Copy nothing but the lines from the one containing "China, grisaille and" through the last line of the records, repeated exactly and without pictures.

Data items
>>>

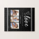 Modern Black Happy Birthday Photo Collage jigsaw puzzle. Celebrate your beloved's birthday with a deeply personal and romantic gift that captures your cherished memories together. This exquisite photo collage puzzle features the loving words 'My Love' in elegant script typography, a heartfelt 'Happy Birthday' message, and space for a name, making it a unique keepsake for her special day. Showcasing three of your favorite photos side-by-side, this puzzle transforms your precious moments into a fun and engaging activity for you and your loved one to complete. The sophisticated black background with subtle white pinstripes adds a touch of class, ensuring it's a beautiful piece of decor even after it's assembled. It's the perfect way to express your enduring affection and create lasting memories for her birthday.
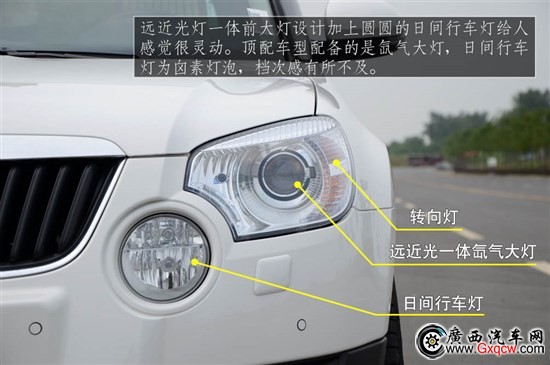 與進氣格柵搭配的燈組是前臉最生動的地方,遠近光燈一體前大燈設(shè)計加上圓圓的日間行車燈給人感覺很靈動。頂配車型配備的是氙氣大燈,日間行車燈并非時下流行的LED燈組,而是鹵素燈泡,檔次感有所不及。
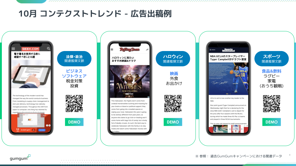 GumGumは画像と言語を解析するコンテクスト解析技術(MRC認証技術*)を使用して、Webコンテンツの文脈を内容に基づいて分類**することができます。たとえば、ラグビーワールドカップ前後には「スポーツ」関連文脈のコンテンツが増えるなど、文脈ごとのコンテンツの数はシーズンやイベントの影響により毎月変動します。GumGumではこれを文脈のトレンドとして捉え、毎月のトレンドを予測・公開しており、これらのトレンドに合わせて広告を出稿することによって広告効果(CTRなど)を向上できることが確認されています(自社調べ***)。
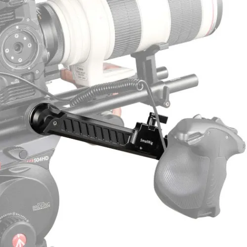 The SMALLRIG Extension Arm with ARRI Rosette 1870 is an adjustable rosette arm designed for flexibility in gear setup. Featuring ARRI standard rosettes (M6, 31.8mm diameter) on both ends, it provides an extension range of 167mm to 255mm, making it compatible with ARRI standard rosette handgrips and other equipment. The central NATO rail allows easy distance adjustment through tightening and loosening the M5 thumbscrew, with an additional M3 thread to prevent accidental removal. Multiple 1/4″ and 3/8″ threaded holes are included for attaching additional rigs and accessories, providing a versatile solution for relocating handles for remote control operation.
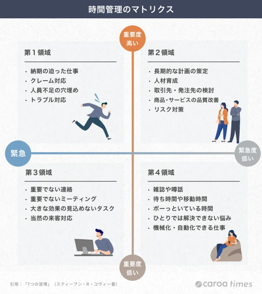 ビジネスの世界では、時間管理は非常に重要です。効率的な時間管理は、生産性を高め、業務の質を向上させるために不可欠です。特に、現代のビジネス環境では、急速な変化に対応し、短期間で成果を出すことが求められています。そのためには、タスクの優先順位付けや時間の有効活用が鍵となります。
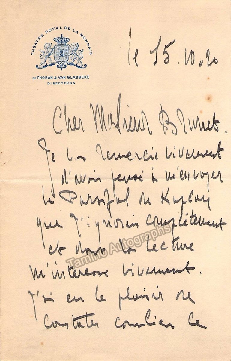 Belgian musician and conductor (1881-1953), worked as a conductor and Director of Theatre Royale de la Monnaie in Brussels for many years. Autograph note signed, with the letterhead of the theater, dated in 1920. Two pages, 4.5 x 7 inches, in French, sold untranslated, in excellent condition.
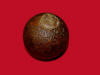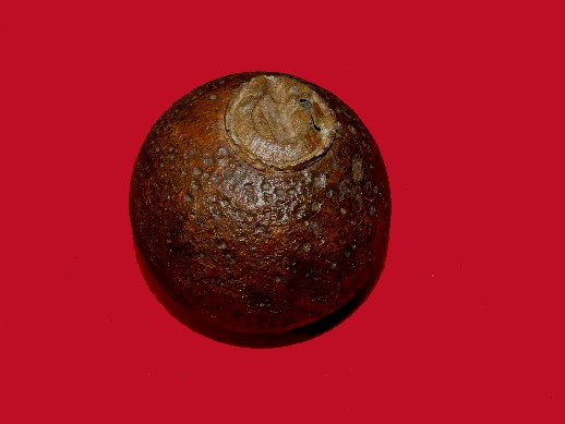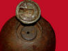 55. Excavated 12 lb. size copper time fuzed Confederate cannon ball.  This cannon ball was recovered on private property near Chickamauga, GA. many, many years ago. It has been disarmed, cleaned, and coated, and is ready for display.  It does have some pitting, but is a rare Confederate ball, and still displays quite well.--$350.
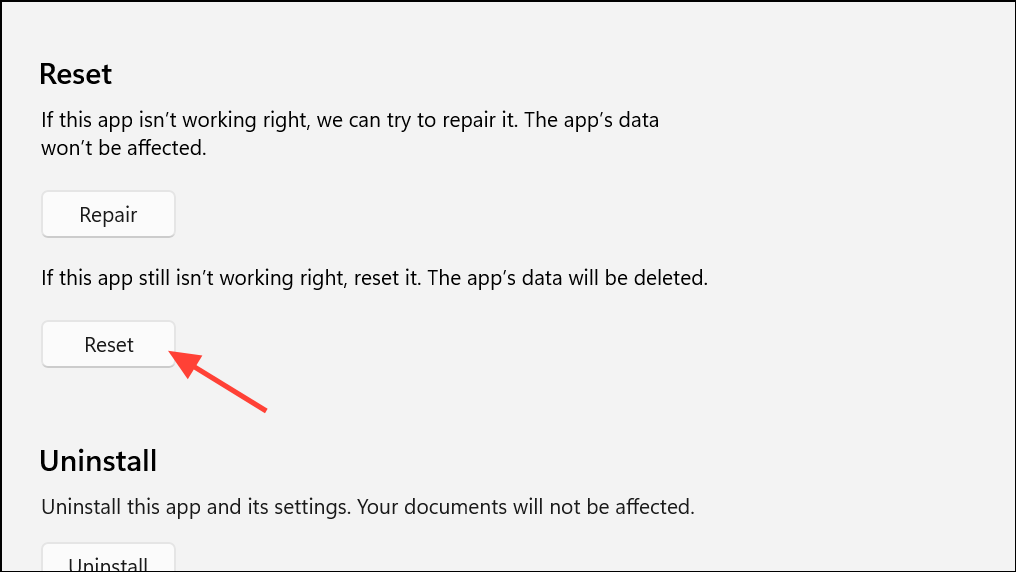 Step 3: Scroll down and click Reset. Confirm when prompted. This clears the app's data and settings but doesn't remove your files.
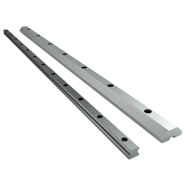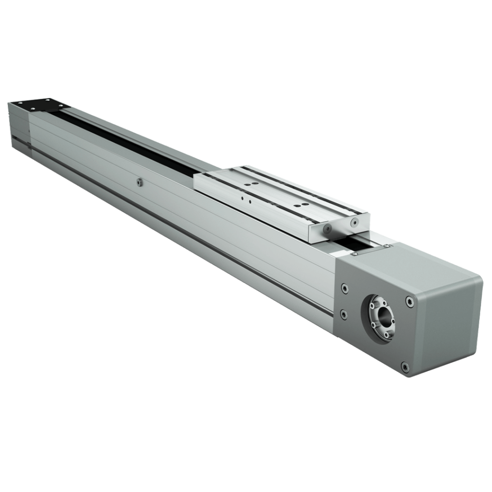 Linear axis with belt drive. Rolling on trapezoidal, round or recirculating ball guides.
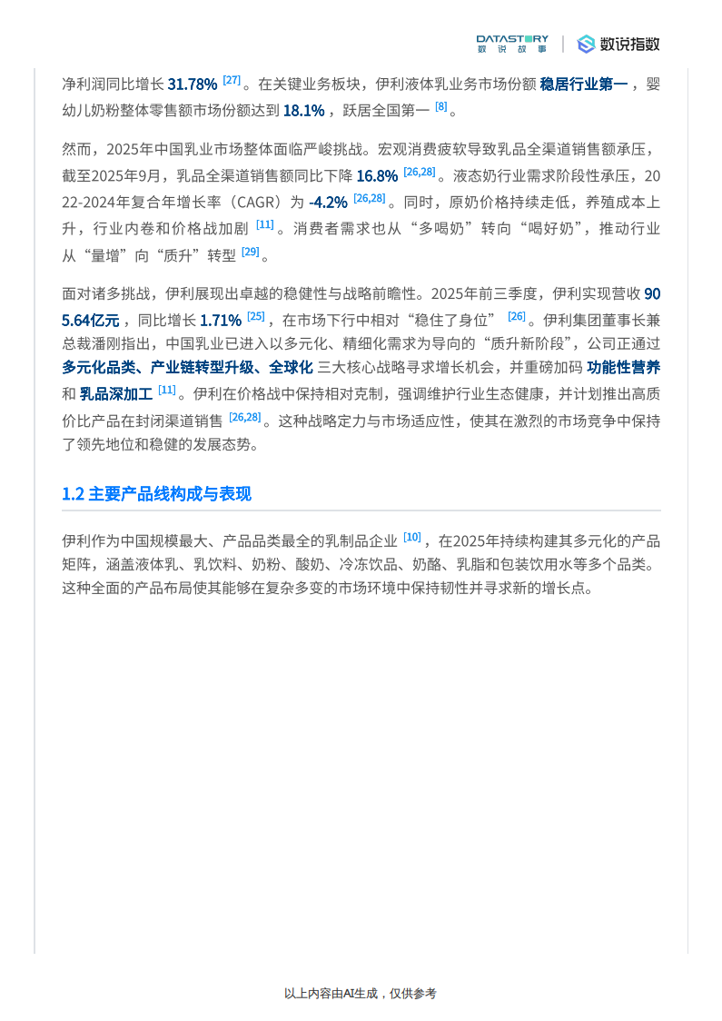 面对诸多挑战,伊利展现出卓越的稳健性与战略前瞻性。2025年前三季度,伊利实现营收905.64亿元,同比增长1.71%[25],在市场下行中相对“稳住了身位”[26]。伊利集团董事长兼总裁潘刚指出,中国乳业已进入以多元化、精细化需求为导向的“质升新阶段”,公司正通过多元化品类、产业链转型升级、全球化三大核心战略寻求增长机会,并重磅加码功能性营养和乳品深加工[11]。伊利在价格战中保持相对克制,强调维护行业生态健康,并计划推出高质价比产品在封闭渠道销售[26,28]。这种战略定力与市场适应性,使其在激烈的市场竞争中保持了领先地位和稳健的发展态势。
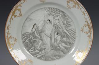 China, grisaille and gilt porcelain 'mythological' plate, ca. 1745, decorated with 'the choice of Hercules' (small glaze crack)
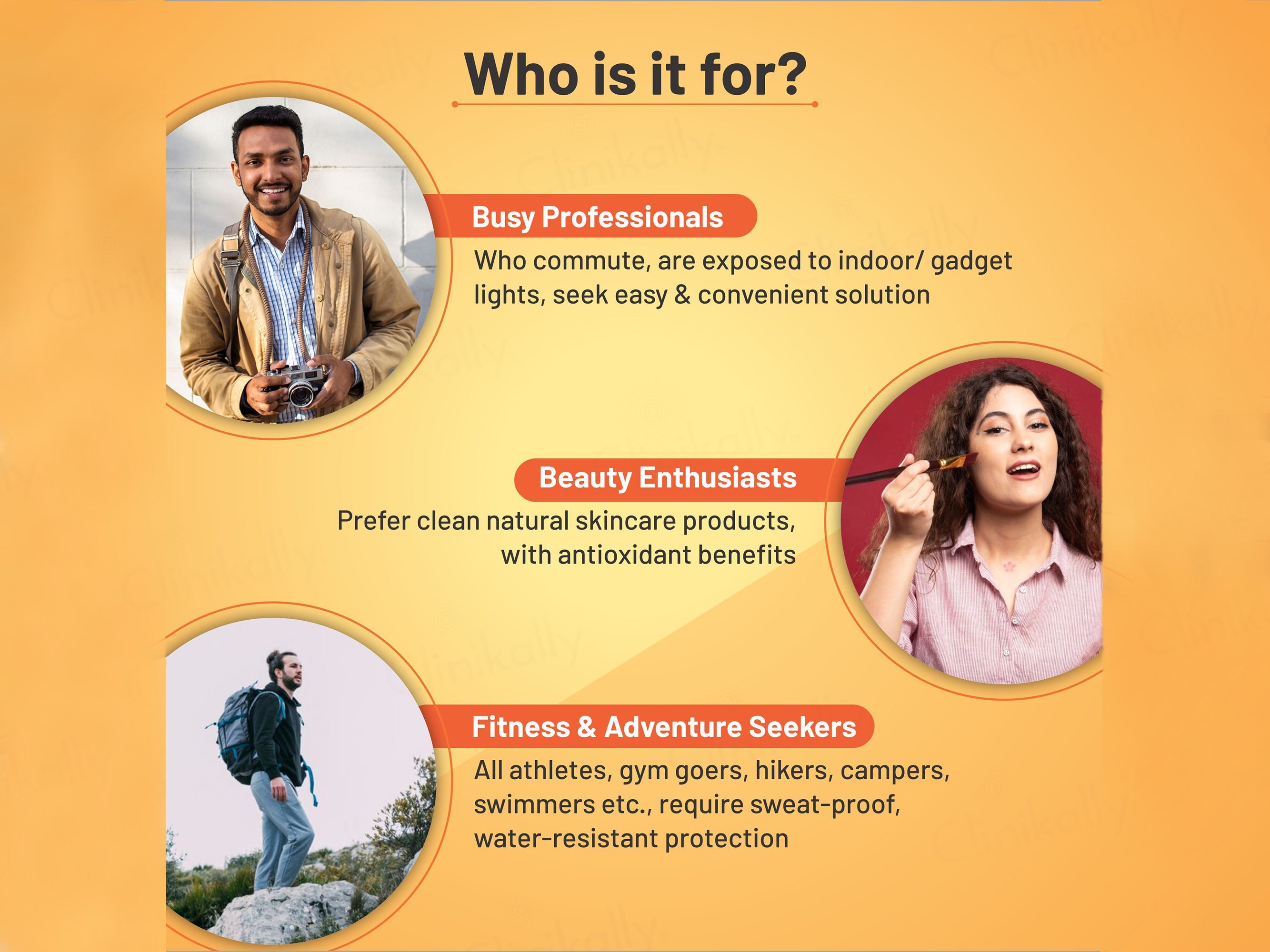 The key benefits include reducing tanning, promoting brighter and more uniform skin tone, reducing fine lines, and offering protection against UV rays and photoaging.

<<<

◆ **ANSWER BOX**:
 China, grisaille and gilt porcelain 'mythological' plate, ca. 1745, decorated with 'the choice of Hercules' (small glaze crack)
 The key benefits include reducing tanning, promoting brighter and more uniform skin tone, reducing fine lines, and offering protection against UV rays and photoaging.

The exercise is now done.